Top of GIVEN INFORMATION
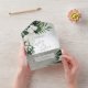 AVAILABLE WITH OR WITHOUT DINNER OPTIONS. ALSO AVAILABLE WITH A QR CODE IN THE RSVP AREA. This design features beautiful, lush tropic greenery and white florals on a soft green watercolor background. Perfect for the destination or beach wedding. Created by Simply Farmhouse Press.
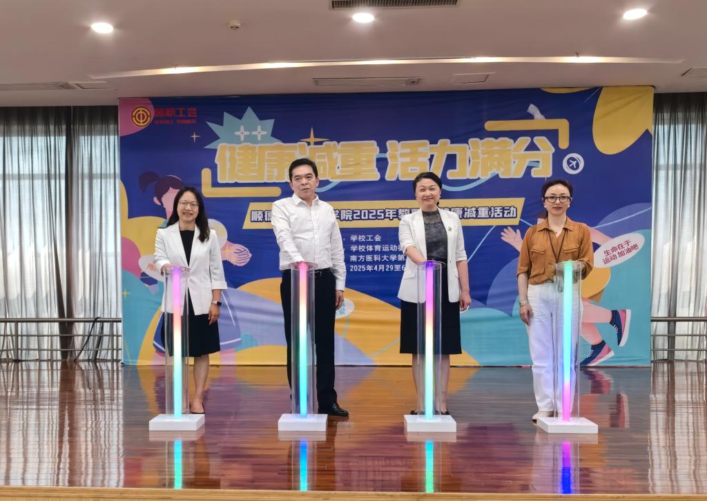 4月29日下午,学校工会联合学校体委、南方医科大学附属第八医院在学校教工活动中心举办“健康减重 活力满分”健康体重管理活动。学校党委委员、纪委书记黄伟坚,南方医科大学附属第八医院院长沈洁,校工会、校体委、各分工会代表、南方医科大学附属第八医院医护工作者200余人参加活动。
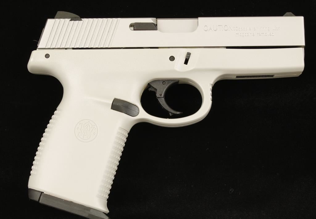 Stainless and polymer double-action only semi-automatic pistol with a 4" barrel and two 10-round magazines. Finish is impeccable. Bore is mirror bright with sharp rifling. Has two piece safety trigger with secondary sear. Function is good. Includes a factory plastic foam-lined case with empty chamber indicator and trigger block. Condition is excellent. *Modern Firearm*
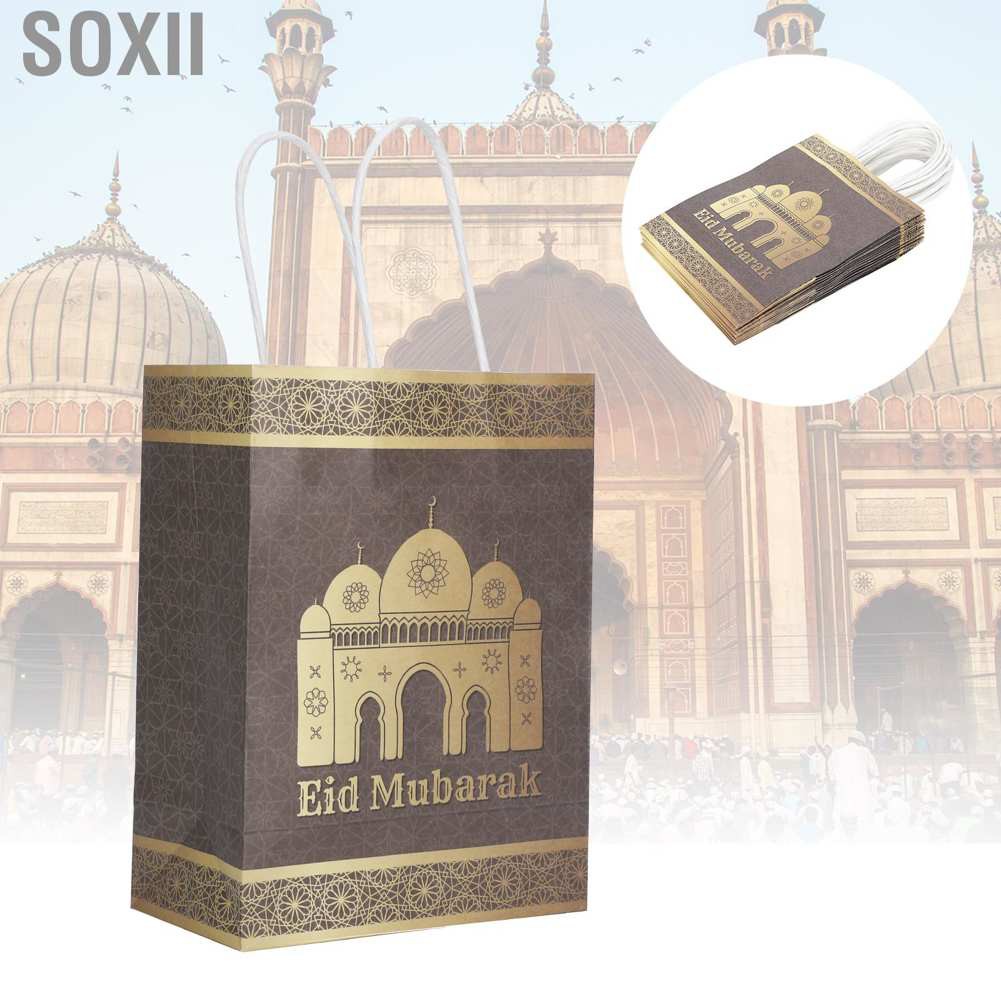 Feature: 1. Not only can it be used as Eid Mubarak party bags, snack bags, popcorn sticks, candy bars, candies, etc., but also can be used for festival decorations. 2. This gift bag is made of environmentally friendly and recyclable paper, which must be used for a long time. 3. The Eid Mubarak sign design is adopted and the unique Muslim Ramadan elements are printed to make the Ramadan party more impressive. 4. This gift bag is light and simple, with a hand strap, which is easy to use. 5. The perfect gift wrapping bag for your best friends, partners, and elders.
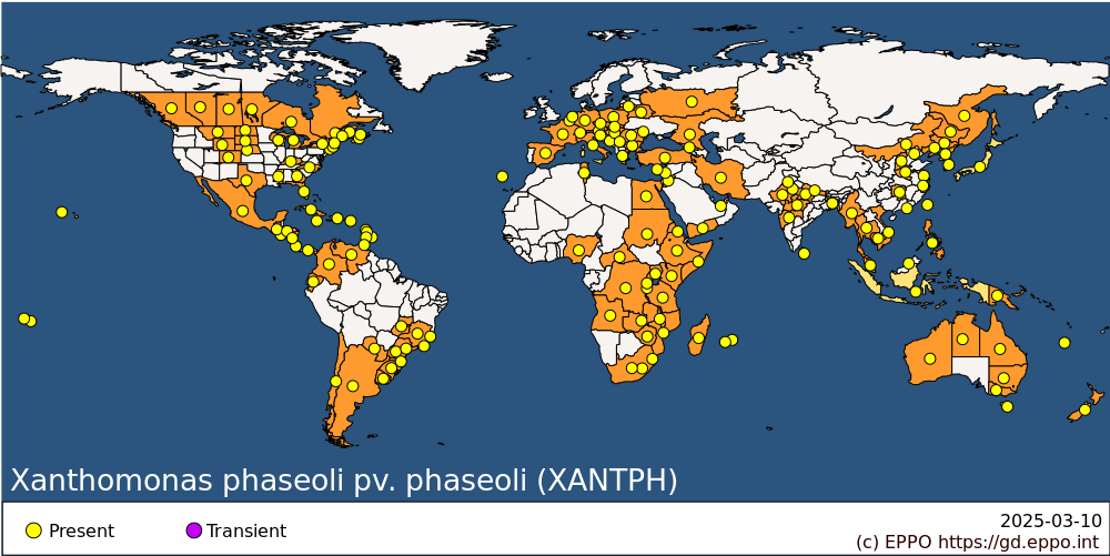 This map shows the distribution of the common blight disease of bean which is currently considered to be caused by two distinct bacteria: X. phaseoli pv. phaseoli and X. citri pv. fuscans (=X. fuscans subsp. fuscans)
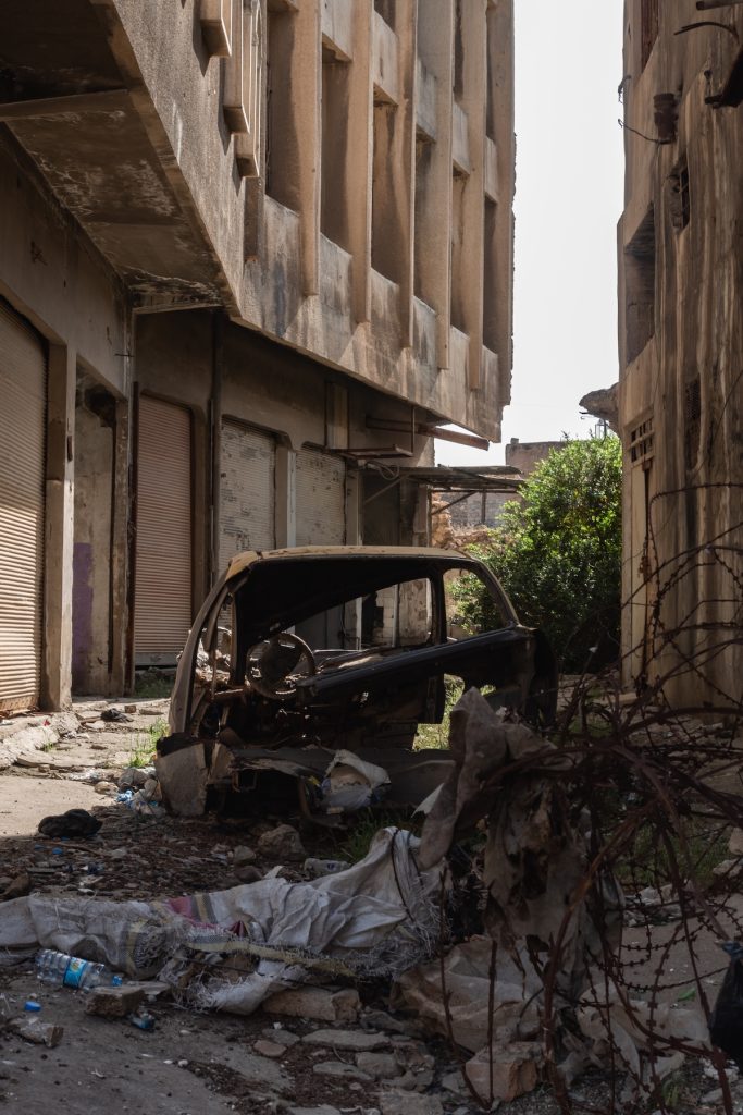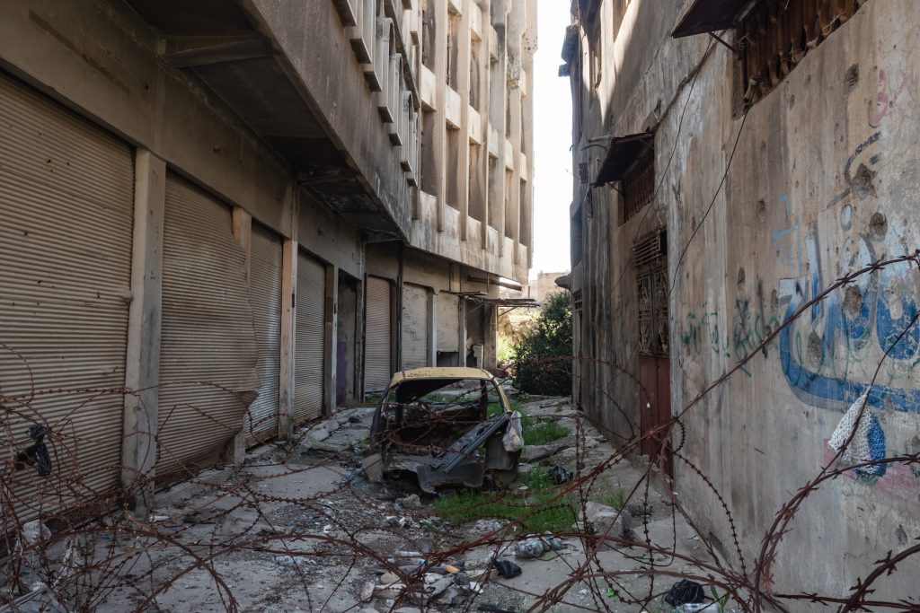 Passaggio stretto tra edifici distrutti dai bombardamenti.
Bottom of GIVEN INFORMATION
* **EXERCISE INSTRUCTIONS**: All lines from the start of the entries above through the line containing "Feature: 1. Not" must be transcribed exactly, both ends included, and no picture may be copied.

* **YOUR RESPONSE**:
 AVAILABLE WITH OR WITHOUT DINNER OPTIONS. ALSO AVAILABLE WITH A QR CODE IN THE RSVP AREA. This design features beautiful, lush tropic greenery and white florals on a soft green watercolor background. Perfect for the destination or beach wedding. Created by Simply Farmhouse Press.
 4月29日下午,学校工会联合学校体委、南方医科大学附属第八医院在学校教工活动中心举办“健康减重 活力满分”健康体重管理活动。学校党委委员、纪委书记黄伟坚,南方医科大学附属第八医院院长沈洁,校工会、校体委、各分工会代表、南方医科大学附属第八医院医护工作者200余人参加活动。
 Stainless and polymer double-action only semi-automatic pistol with a 4" barrel and two 10-round magazines. Finish is impeccable. Bore is mirror bright with sharp rifling. Has two piece safety trigger with secondary sear. Function is good. Includes a factory plastic foam-lined case with empty chamber indicator and trigger block. Condition is excellent. *Modern Firearm*
 Feature: 1. Not only can it be used as Eid Mubarak party bags, snack bags, popcorn sticks, candy bars, candies, etc., but also can be used for festival decorations. 2. This gift bag is made of environmentally friendly and recyclable paper, which must be used for a long time. 3. The Eid Mubarak sign design is adopted and the unique Muslim Ramadan elements are printed to make the Ramadan party more impressive. 4. This gift bag is light and simple, with a hand strap, which is easy to use. 5. The perfect gift wrapping bag for your best friends, partners, and elders.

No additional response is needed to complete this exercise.